Defined as the passage of a drug from site of administration to the
plasma (blood).
Absorption is intimately related to route of drug administration
What is enteral administration?
Drug placed directly into gastrointestinal (GI) tract:
- oral
- sublingual
- rectal
What is parenteral administration?
Delivery through route other than GI tract
- epithelial surfaces (topical)
- inhalation
- injection
What factors affect the absorption of a drug after oral administration?
- Ionisation and lipid solubility-strongly ionised drugs are poorly absorbed
- Metabolism in the gut wall and liver – “first-pass metabolism”
- Gastrointestinal motility – both stasis and increased motility can affect
absorption - Splanchnic blood flow – absorption can be increased by increased blood
flow after a meal - Particle size and formulation of drug can affect absorption - slow and fast release formulations
- Physicochemical factors e.g. calcium binding can prevent absorption
How are drugs carried to compartments?
By circulation
What does distribution depend on?
- Barrier permeability e.g. Blood-Brain Barrier
- Binding in compartments
- pH partition
- Water-fat partition
What is the blood brain barrier?
A continuous layer of epithelial cells joined by tight junctions forming a
barrier to drug entry.
What needs to happen to lipid soluble drugs before they can be eliminated?
They must be made water soluble
What is phase 1 metabolism?
alterations to molecule by oxidation, reduction,
hydrolysis
What is phase 2 metabolism?
conjugation usually in the liver with glucuronide or
sulphate prior to elimination
What are possible routes of elimination?
kidneys
liver / bile
lungs - respiratory
(anaesthetics)
What quantifies the lifetime of a drug in the body?
Its half-life – the time taken to reduce the concentration of drug to half its original
concentration
What are the advantages of oral administration?

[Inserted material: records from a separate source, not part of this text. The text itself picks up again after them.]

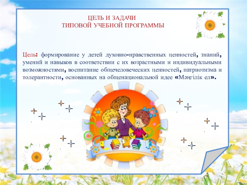 соответствии с их возрастными и индивидуальными возможностями, воспитание общечеловеческих ценностей, патриотизма и толерантности, основанных на общенациональной идее «Мәңгілік ел».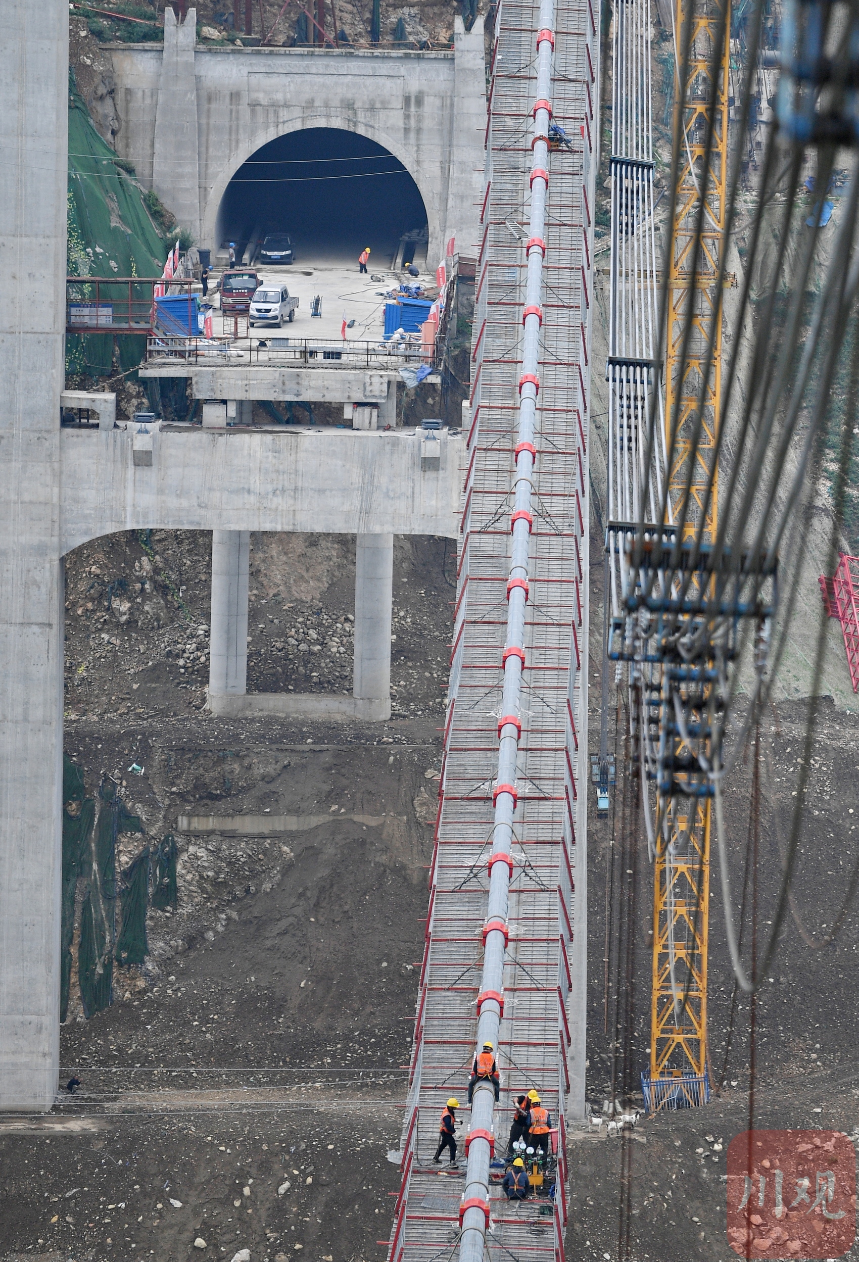 汶川縣境內(nèi)的國道317線友誼隧道至映秀段改建工程現(xiàn)場,施工人員在懸索橋主纜上作業(yè)。李向雨 攝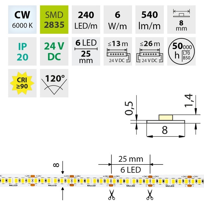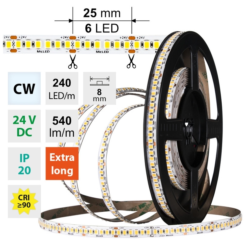 Stmívatelný LED pásek SMD2835, studená bílá (6000K), 6W, 240LED, 540lm/m, CRI>90, segment 25mm, 6LED/segment, IP20, DC 24V, životnost 50000h, šíře 8mm, bílý PCB pásek, max. délka pásku při jednostranném zapojení: 13m, opatřen samolepící páskou 3M, UV stabilní. Balení 5m.
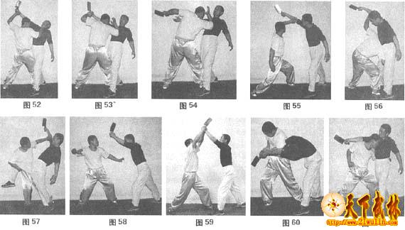 歹徒右手握菜刀,向我肩部砍劈。我趁势向右闪躲,同时出左鹰手将歹徒手腕擒拿住(图51)。同时速跟步进身,用硬叉步向歹徒裆部连冲带撞(俗称吃腿),同时速出右鹰手向歹徒咽喉部位全力抠掐,令歹徒窒息(图52)。掐中后,歹徒必疼痛难忍,向后躲闪。我手不撤回,变右肘向歹徒心口窝部位猛力点撞(图53)。同时,用左鹰手将歹徒菜刀一掳夺下,用肘撞打将敌打出(图54)。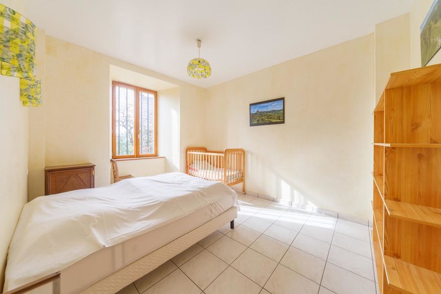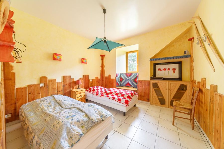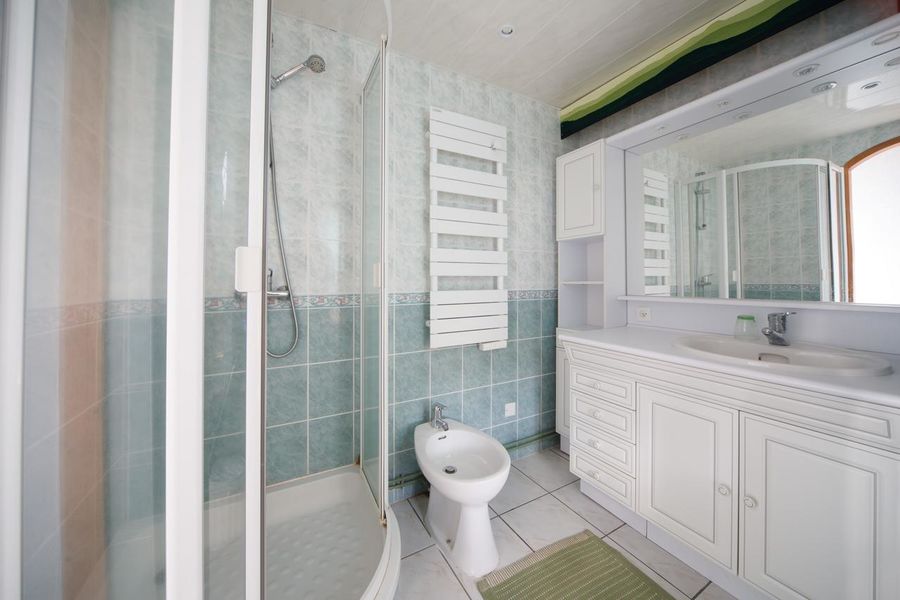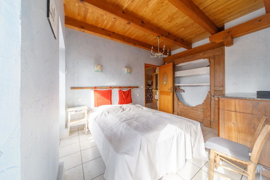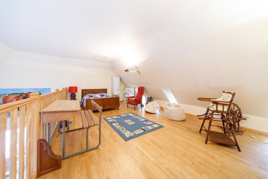 La maison présente 130 m2 sur 3 niveaux dont une mezzanine avec 3 chambres ( 3GL-2 PL), 2 salles de bain et 2 WC séparés. Chauffage électrique au sol – Cheminée (Insert) : bois à disposition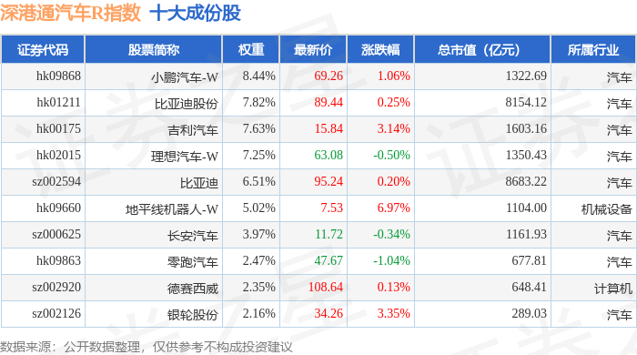 深港通汽车R(483039)指数十大成份股详情如下: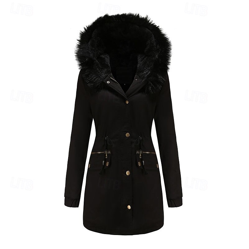 This Women's Parka Warm plush Zipper Pocket With Belt Casual Solid Color Vacation Street Casual Daily Wear Long Hooded Loose Fit Long Sleeve Outerwear Navy Black Wine Fall Winter combines elegant design with practical functionality. Every detail has been carefully considered to ensure you get the best possible experience. The finest construction means this product will serve you well for years to come.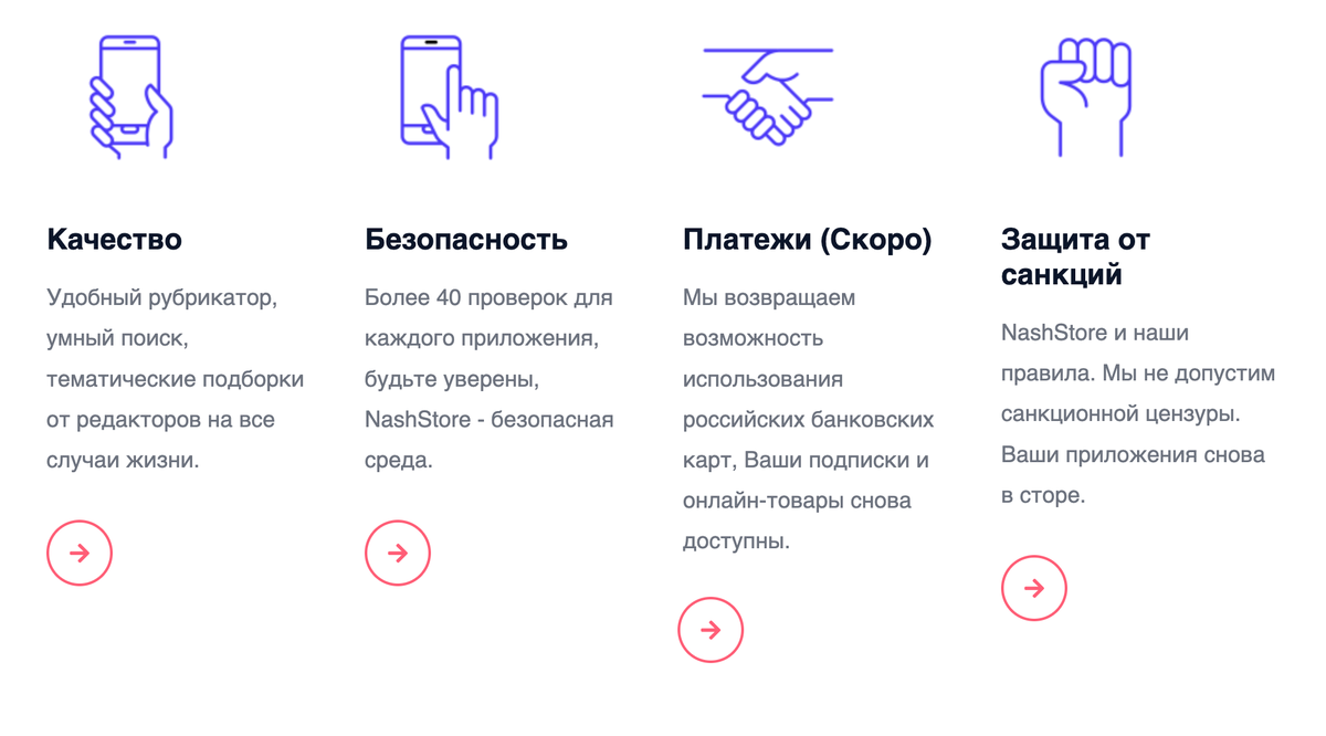 NashStore называет себя «альтернативным, независимым, санкционно-устойчивым магазином приложений». Санкциям на сайте стора в принципе уделено много внимания. В приоритетах платформы разработчики называют защиту от «санкционной цензуры» и возможность оплачивать подписки и внутриигровые покупки с помощью российских карт. Но платежей в NashStore на момент запуска нет — их хотят добавить позже.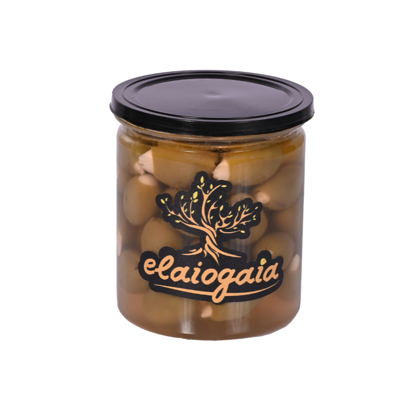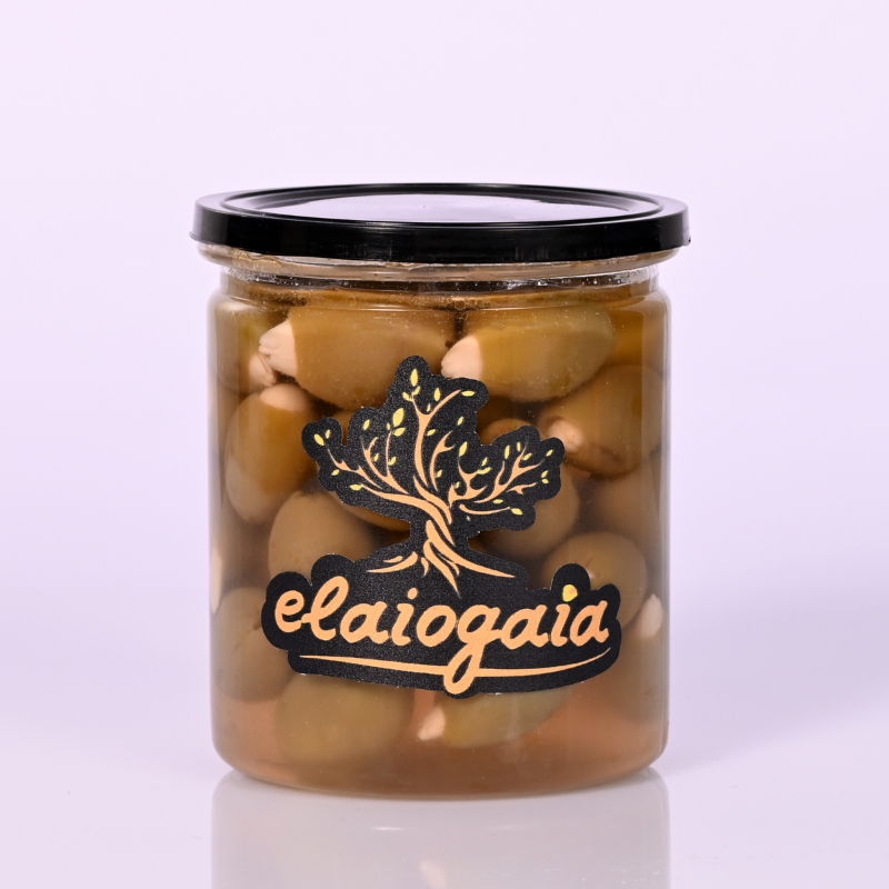Πράσινες Ελιές με Αμύγδαλο 450ml υψηλής ποιότητας από την Elaiogaia. Παραδοσιακή ελληνική γεύση, προσεκτική επιλογή καρπών και ιδανική συσκευασία για καθημερινή κατανάλωση ή επαγγελματική χρήση.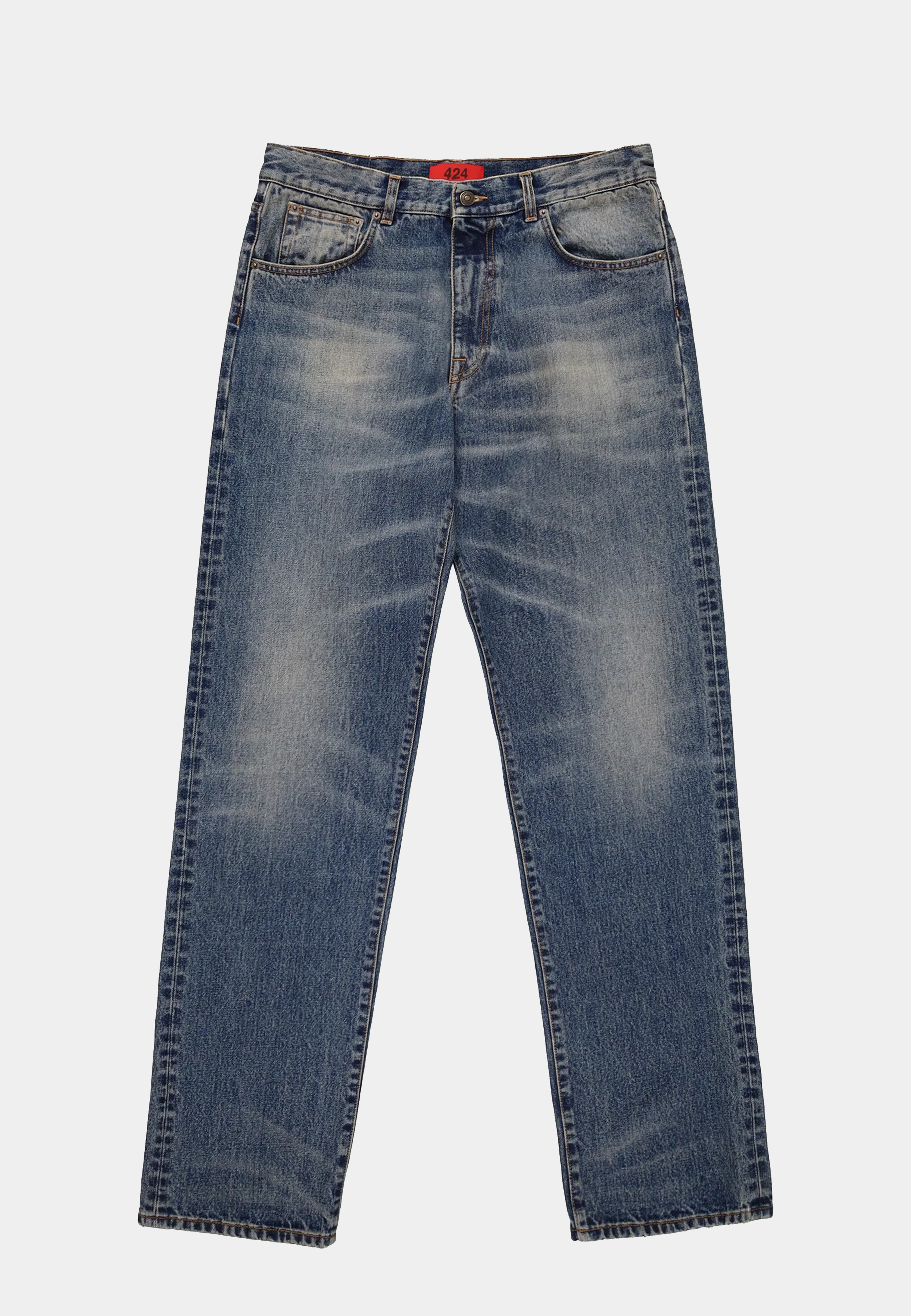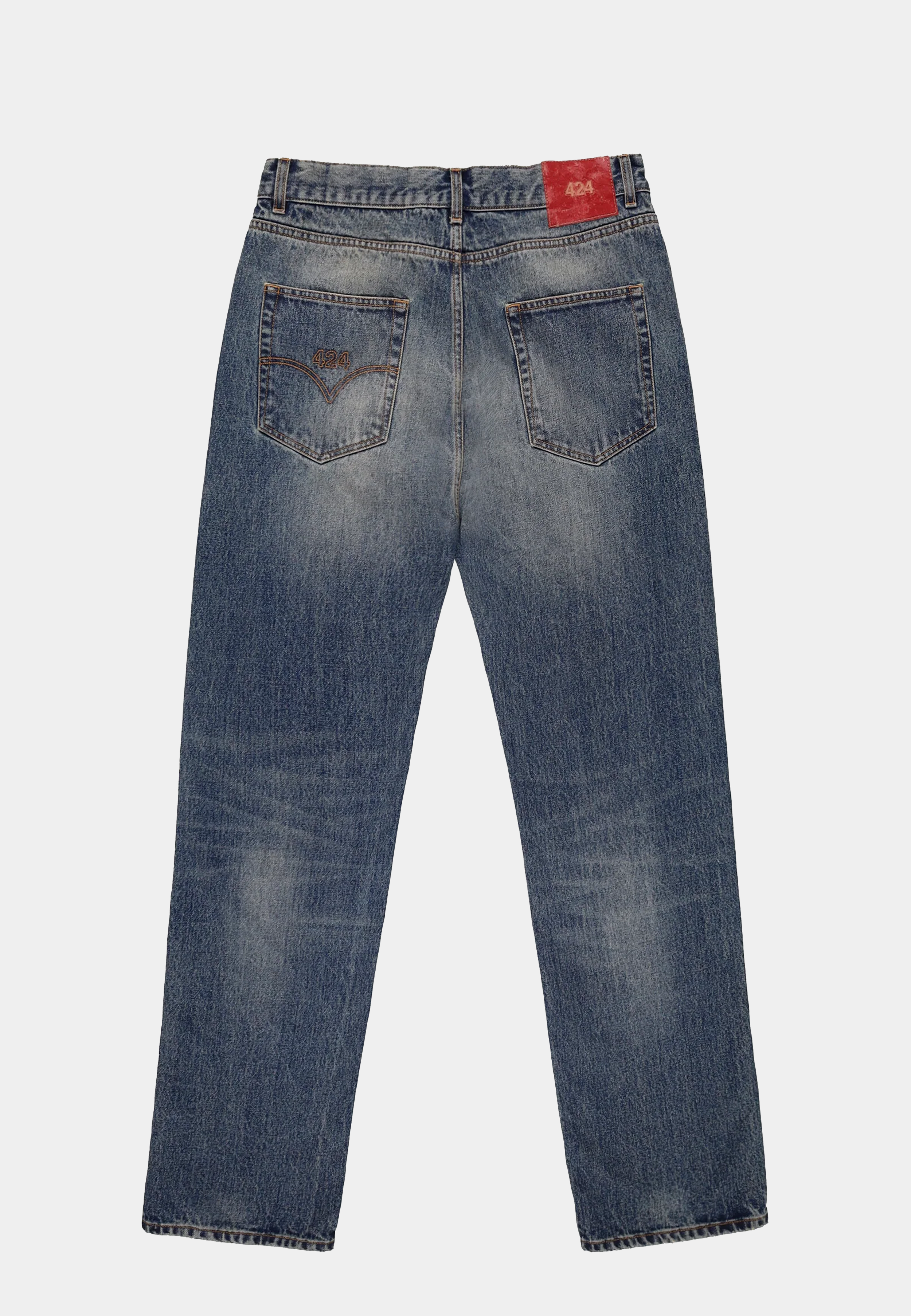 Featuring a five-pocket styling and a whiskering effect, the 424 loose five pocket denim delivers a relaxed charm. A 424 logo patch at the back waistband and an embroidered logo on the back pocket add iconic branding touches, while the contrast stitching in tan enhances their classic appeal. The front button and zip fastening with belt loops provide functionality, and logo-engraved antiqued gold-tone hardware gives a refined finish. Whether dressed up or down, these jeans are your go-to for versatile style.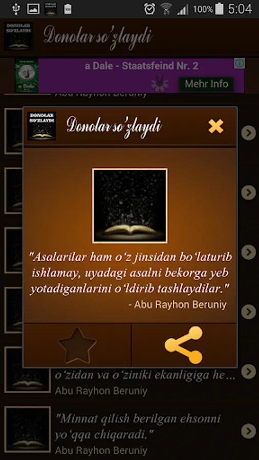 Ushbu ilova buyuk donishmandlar fikrlari va o'gitlarini sizning android mobil qurilmangizda doim sizga hamroh bo'lishini ta'minlash maqsadida yaratildi.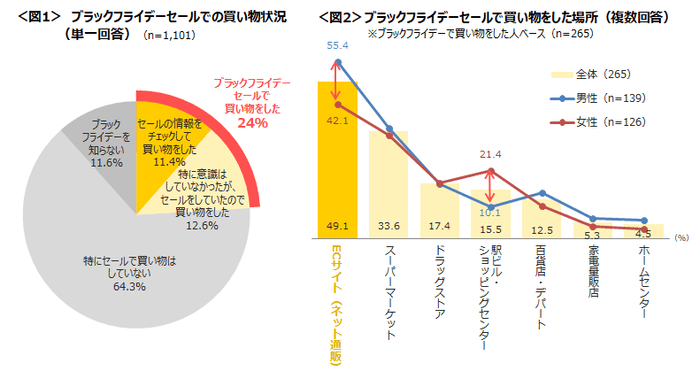 ブラックフライデーセールでの買い物状況について、「買い物をした・計」が24%、「買い物はしていない」が64.3%。「ブラックフライデーを知らない」は11.6%。ブラックフライデーセールで買い物をした人の買い物先としては、「ECサイト(ネット通販)が過半数を占める。<図1・2>

- convenient, self administration
- no pain
- absorption area large
- cheap
What are the disadvantages of oral administration?
- often only partial absorption
- mucosa irritation
- gastric acid/enzymic
breakdown - slow onset
- taste unpleasant
- cannot be used when
unconscious - first pass metabolism
What are the advantages of intravenous administration?
- allows accurate control of amount of drug delivered to target - pharmacological effects produced very quickly - bypasses major sites of drug metabolism – GI tract and liver
What are the disadvantages of intravenous administration?
- difficult to reverse if too much drug delivered
- can lead to harmful effects
caused by blood clotting or the introduction of air or microbes into the vessel.